Abstract 1618: High-Density Lipoprotein Cholesterol but Not Apolipoprotein A-I or -II is Associated With Coronary Calcium in Type 2 Diabetes
Objectives: HDL-C is quite heterogeneous in both quality and function, particularly in type 2 diabetes, leading to challenges in cardiovascular risk prediction. We therefore tested whether the major HDL apolipoproteins (apo), apoA-I and -II, would be stronger predictors of coronary artery calcium (CAC), a measure of coronary atherosclerosis, in diabetic and non-diabetic study samples.

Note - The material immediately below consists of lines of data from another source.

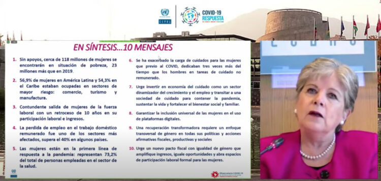 La División de Asuntos de Género de la CEPAL preparó un Informe sobre la Autonomía económica de las Mujeres, Alicia Bárcena, Secretaria Ejecutiva de la Comisión Económica para América Latina y el Caribe (CEPAL), presentó este Informe Especial COVID-19 N⁰9. Un informe que presenta el retrato de la ocupación remunerada de la Mujer Latinoamericana antes de la pandemia, ellas dedicaban una tercera parte de su tiempo en el cuidado. El confinamiento ha dramatizado su situación.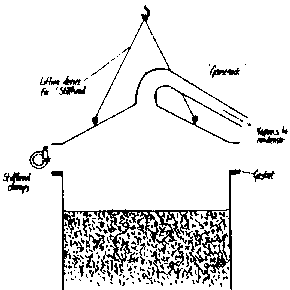 i. "Hydrodistillation" - in this method the charge (which is usually comminuted) is immersed totally in water which is boiled. The stills are of the simplest type (see Figure 1: Simple still hydrpdistillation) and are used extensively by smallholder producers of essential oils. Often they are heated over an open fire. The disadvantages are that the heat is difficult to control and hence the rate of distillation is variable. Also the possibility exists for local overheating and "burning" of the charge which can lead to a poorer quality oil. Improved distillation control can be obtained by using steam from a separate boiler, which is passed into a jacket around the still or through a closed coil in the bottom of the still, to heat the contents of the still. A further disadvantage of this system is that it requires the heating of a large quantity of water adding to costs and time needed for each distillation. However, it is necessary for certain flower distillations e.g. rose and ylang. It is also necessary for the efficient distillation of certain woody materials e.g. sandalwood and cinnamon bark.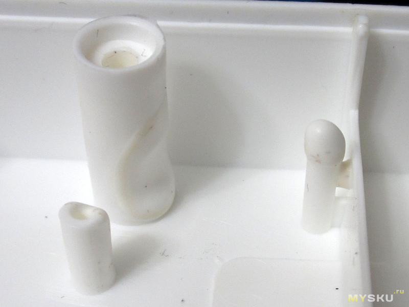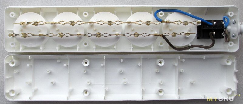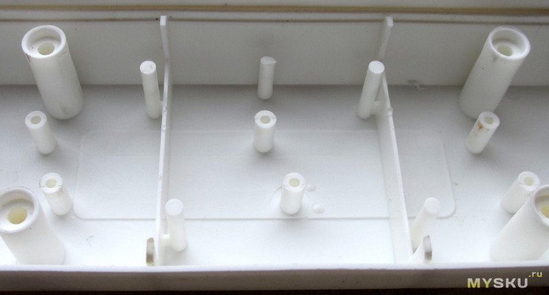 С обратной стороны корпуса есть три набора подпорок, плоские перегородки и штырьки с отверстием для токоведущих шин и тонкие для шины земли (которой здесь нет), видимо универсальный вариант.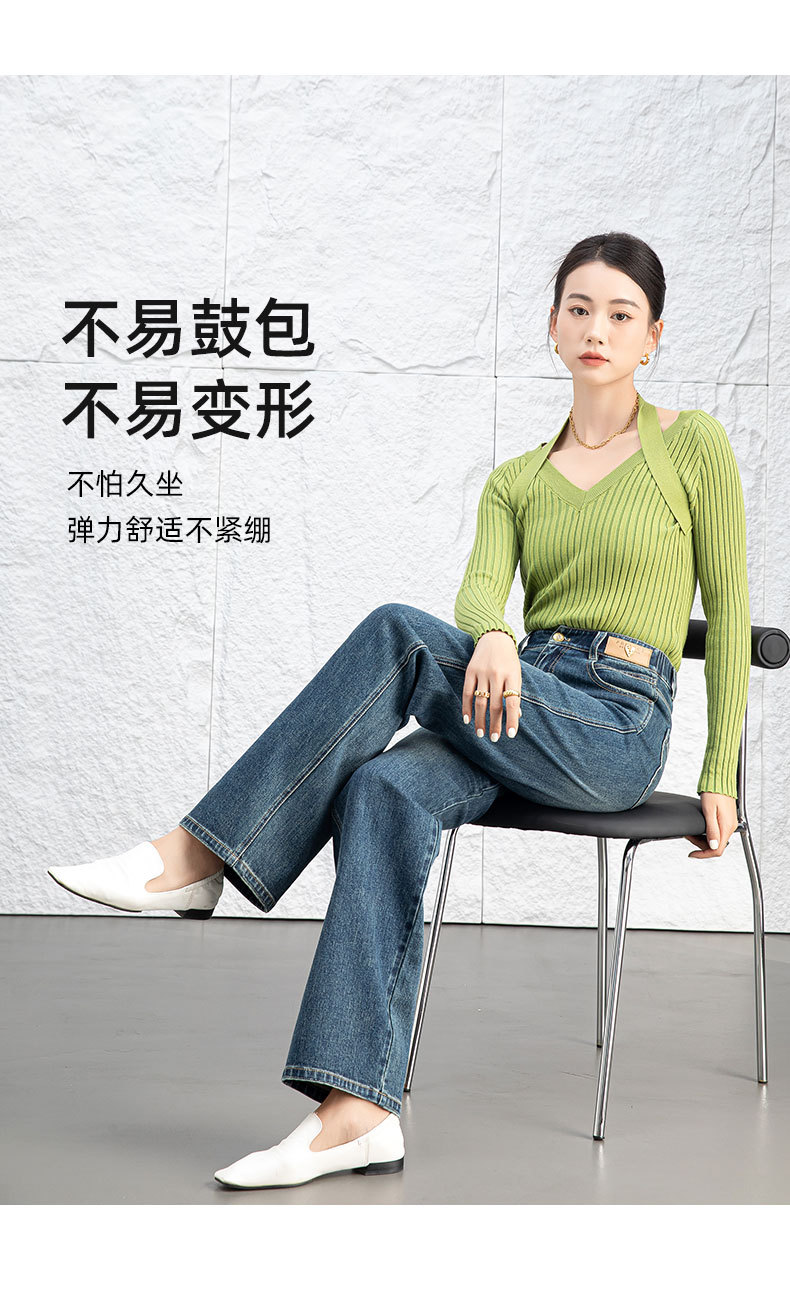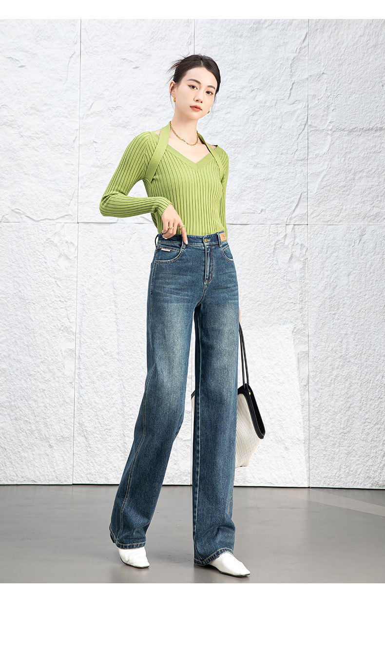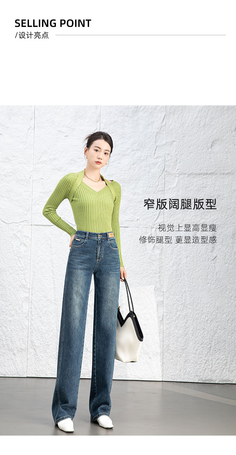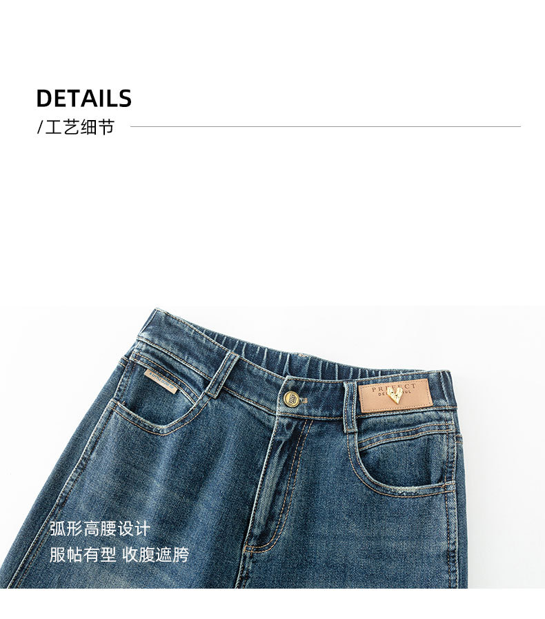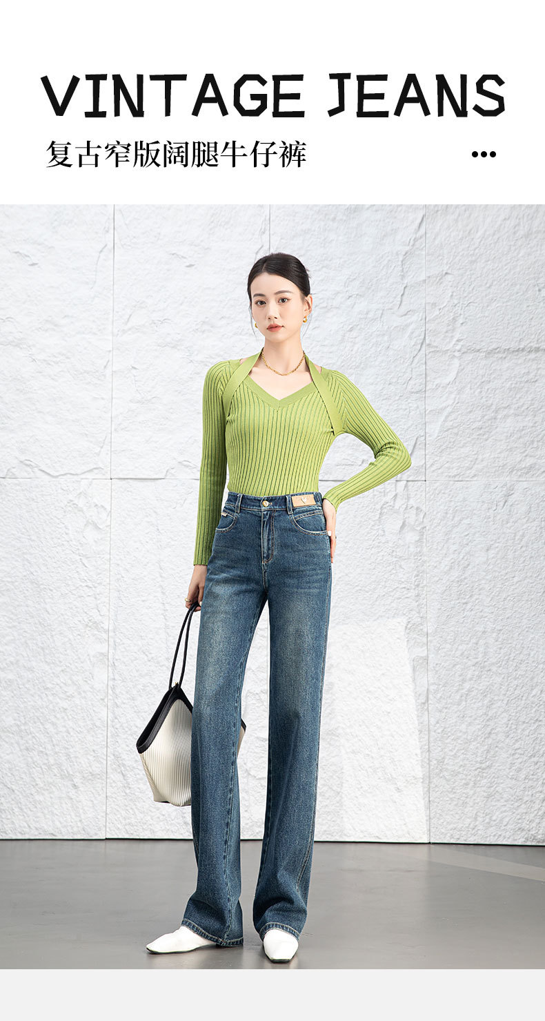 复古直筒牛仔裤女2026新款春季显瘦窄版阔腿长裤子后腰松紧

Methods: We performed cross-sectional analyses of asymptomatic Caucasian subjects in two community-based studies: the Penn Diabetes Heart Study [N=611 type 2 diabetic subjects, 71% men] and the Study of Inherited Risk of Coronary Atherosclerosis [N=803 non-diabetic subjects, 53% men)] using multivariate analysis of apoA-I, apoA-II, and HDL-C stratified by diabetes status.
Results: HDL-C was inversely correlated with CAC after adjustment for age, gender, and medications in type 2 diabetic [Tobit ratio for one standard deviation increase in HDL-C, 0.63 (95% CI 0.49 – 0.82), p=0.001] and non-diabetic Caucasians [0.71 (0.57– 0.87), p=0.001]. ApoA-I displayed a weaker inverse relationship in diabetic [0.76 (0.59 – 0.99), p=0.038] and non-diabetic subjects [0.76 (0.62– 0.94), p=0.013], while apoA-II had no significant association with CAC. In fully adjusted models, including additional cardiovascular risk factors, only HDL-C remained associated with CAC in the type 2 diabetic subjects. Furthermore, in combined analysis of diabetics and non-diabetics, HDL-C added value to apoA-I and -II in predicting CAC scores whereas the reverse was not true. Moreover, HDL-C added greater value than apoA-I and-II over apoB parameters.
Conclusions: HDL-C outperformed apoA-I or -II in predicting CAC with particular value in type 2 diabetic Caucasians. This suggests that, unlike incremental value in apoB measurement, perceived advantages in measuring apoA-I and -II may not translate into improved cardiovascular risk prediction beyond traditional, guideline-based HDL-C assessment.